Archive for February, 2012

Tuesday, February 28th, 2012

Consumer Protection Rules Announced by CFPB

The Consumer Financial Protection Bureau, an organization created by the Doddd-Frank Wall Street Reform and Consumer Protection Act, has announced rules to regulate and oversee some of the bigger players in the debt collection and credit reporting industries.

Given the power to regulate non-bank financial entities by the Dodd-Frank, the CFPB has faced opposition since its inception from various lobbying groups and a number of legislators who believe that regulation of such industries should not be part of the government’s realm.

Despite the resistance, however, the CFPB has apparently pushed ahead. The group’s recently announced oversight rules will apply to the following.

  • Debt collection firms that earn more than $10 million per year. According to numbers from the CFPB, this will include roughly 175 debt collection firms, or four percent of all debt collectors in the U.S. Don’t be fooled by that seemingly insignificant fraction, however: this four percent are apparently responsible for collecting 63 percent of debts in the U.S.
  • Consumer reporting agencies that make more than $7 million per year. About 30 consumer reporting agencies fall into this camp, or seven percent of such agencies nationwide. As with debt collectors, however, this wee percentage wields considerable power in its field: the seven percent of firms affected are responsible for collecting 94 percent of receipts from consumer reporting activities.

How Will You Be Affected?

The CFPB estimates that its newest proposed rules will impact the lives of millions of Americans. At present, the Bureau reports, roughly 30 million Americans have debts under collection.

In complaints filed with the Federal Trade Commission (FTC) and elsewhere, many of those have complained that debt collectors illegally tried to collect on debts. Among those illegal collection attempts were tries to collect so-called “zombie debt” and efforts to recover debts that were legally discharged in bankruptcy court.

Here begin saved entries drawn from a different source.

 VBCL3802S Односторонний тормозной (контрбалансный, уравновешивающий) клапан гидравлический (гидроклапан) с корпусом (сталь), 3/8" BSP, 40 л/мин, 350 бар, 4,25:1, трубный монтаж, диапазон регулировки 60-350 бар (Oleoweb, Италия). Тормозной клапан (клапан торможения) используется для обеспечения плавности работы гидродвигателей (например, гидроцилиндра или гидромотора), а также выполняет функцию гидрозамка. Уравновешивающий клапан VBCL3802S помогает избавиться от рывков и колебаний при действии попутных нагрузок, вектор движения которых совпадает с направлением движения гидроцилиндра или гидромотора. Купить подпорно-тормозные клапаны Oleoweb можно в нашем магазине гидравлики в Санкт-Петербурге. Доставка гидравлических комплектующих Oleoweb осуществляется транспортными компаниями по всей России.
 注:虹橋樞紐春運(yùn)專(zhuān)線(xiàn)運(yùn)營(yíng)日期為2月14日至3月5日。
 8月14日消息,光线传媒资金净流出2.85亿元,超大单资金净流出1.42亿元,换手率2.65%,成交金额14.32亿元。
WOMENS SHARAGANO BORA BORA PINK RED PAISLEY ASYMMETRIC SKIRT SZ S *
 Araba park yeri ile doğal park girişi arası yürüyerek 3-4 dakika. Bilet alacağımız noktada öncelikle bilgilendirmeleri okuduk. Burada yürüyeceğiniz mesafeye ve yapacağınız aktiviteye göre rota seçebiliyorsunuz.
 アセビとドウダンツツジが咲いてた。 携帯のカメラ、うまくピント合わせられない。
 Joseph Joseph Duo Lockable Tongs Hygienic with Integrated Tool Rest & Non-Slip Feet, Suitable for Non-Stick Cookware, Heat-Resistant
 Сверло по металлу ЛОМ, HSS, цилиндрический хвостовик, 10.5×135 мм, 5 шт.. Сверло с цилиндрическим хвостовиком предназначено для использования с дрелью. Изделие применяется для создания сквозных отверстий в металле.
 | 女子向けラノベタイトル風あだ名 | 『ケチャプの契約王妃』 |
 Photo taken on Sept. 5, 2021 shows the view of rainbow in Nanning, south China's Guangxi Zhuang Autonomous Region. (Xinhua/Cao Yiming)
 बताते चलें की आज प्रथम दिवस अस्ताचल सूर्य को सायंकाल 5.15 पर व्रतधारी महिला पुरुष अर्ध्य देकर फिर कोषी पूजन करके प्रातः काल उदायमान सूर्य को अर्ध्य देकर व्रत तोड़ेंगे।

Debts discharged by bankruptcy cannot legally be collected.

Once the new rules go into effect, Americans might see better behavior from the non-bank financial institutions they deal with on a daily basis. Some commentators, however, are less than optimistic about the potential impact of the rules.

After all, laws already in effect (including the Fair Debt Collection Practices Act and the Fair Credit Reporting Act) are supposed to protect consumers against many abuses from debt collectors and credit reporting agencies.

While the CFPB has the authority to oversee financial entities, it does not have the power to pass or enforce laws regarding this industry, and so may end up having a limited net effect on the way consumer debt and credit is handled in the U.S.

Wednesday, February 22nd, 2012

Why Whitney Houston Will Be Broke in Death

A recent article from the Huffington Post points out one of the minor tragedies that accompanied the larger tragedy of singer Whitney Houston’s recent death: that, despite her enormous talent and widespread popularity, the singer died more or less broke.

What’s more, because she had reportedly been living off advances from record labels for a number of years before her death, her estate now owes money to those companies—which means that, even in death, Houston will have debt.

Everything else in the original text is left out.